**RECORDS SHOWN**
# # # # #
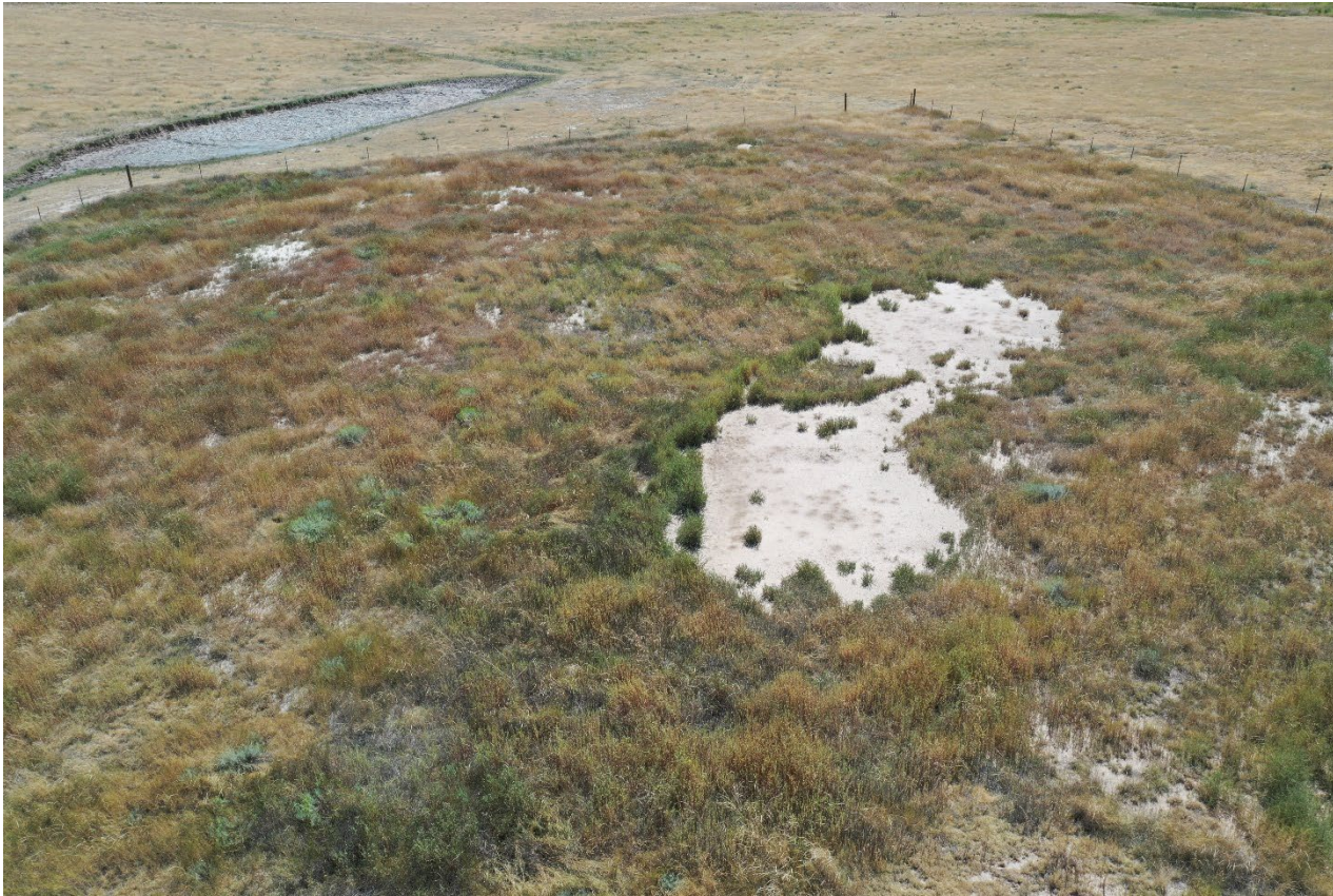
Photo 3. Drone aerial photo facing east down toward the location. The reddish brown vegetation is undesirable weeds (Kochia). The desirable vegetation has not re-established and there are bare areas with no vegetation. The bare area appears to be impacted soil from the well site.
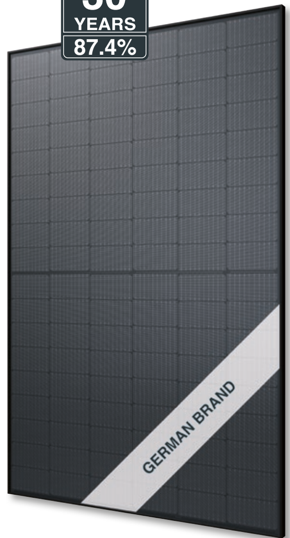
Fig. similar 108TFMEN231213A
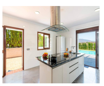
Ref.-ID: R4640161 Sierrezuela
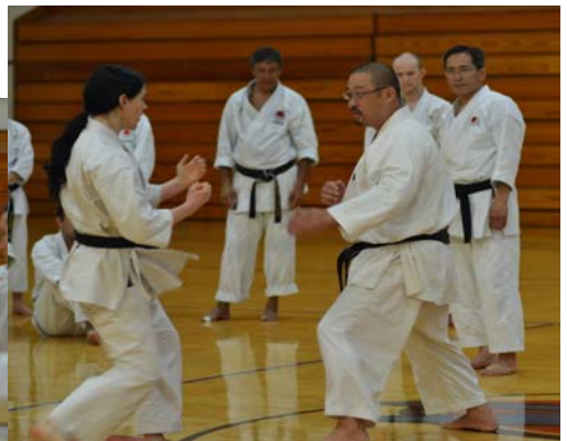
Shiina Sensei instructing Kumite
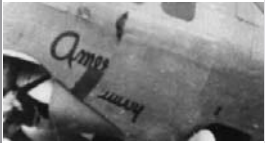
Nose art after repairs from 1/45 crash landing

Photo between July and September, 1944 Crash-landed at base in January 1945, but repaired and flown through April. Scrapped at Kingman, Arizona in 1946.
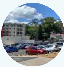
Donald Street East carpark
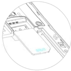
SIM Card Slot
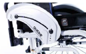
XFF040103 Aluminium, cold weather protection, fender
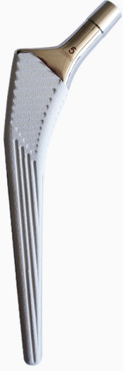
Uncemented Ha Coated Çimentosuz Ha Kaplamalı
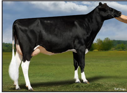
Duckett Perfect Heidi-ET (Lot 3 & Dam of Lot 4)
# # # # #
**ACTIVITY**
Each record is to be written out exactly. No picture goes in.

**ANSWER SECTION**
Photo 3. Drone aerial photo facing east down toward the location. The reddish brown vegetation is undesirable weeds (Kochia). The desirable vegetation has not re-established and there are bare areas with no vegetation. The bare area appears to be impacted soil from the well site.
Fig. similar 108TFMEN231213A
Ref.-ID: R4640161 Sierrezuela
Shiina Sensei instructing Kumite
Nose art after repairs from 1/45 crash landing

Photo between July and September, 1944 Crash-landed at base in January 1945, but repaired and flown through April. Scrapped at Kingman, Arizona in 1946.
Donald Street East carpark
SIM Card Slot
XFF040103 Aluminium, cold weather protection, fender
Uncemented Ha Coated Çimentosuz Ha Kaplamalı
Duckett Perfect Heidi-ET (Lot 3 & Dam of Lot 4)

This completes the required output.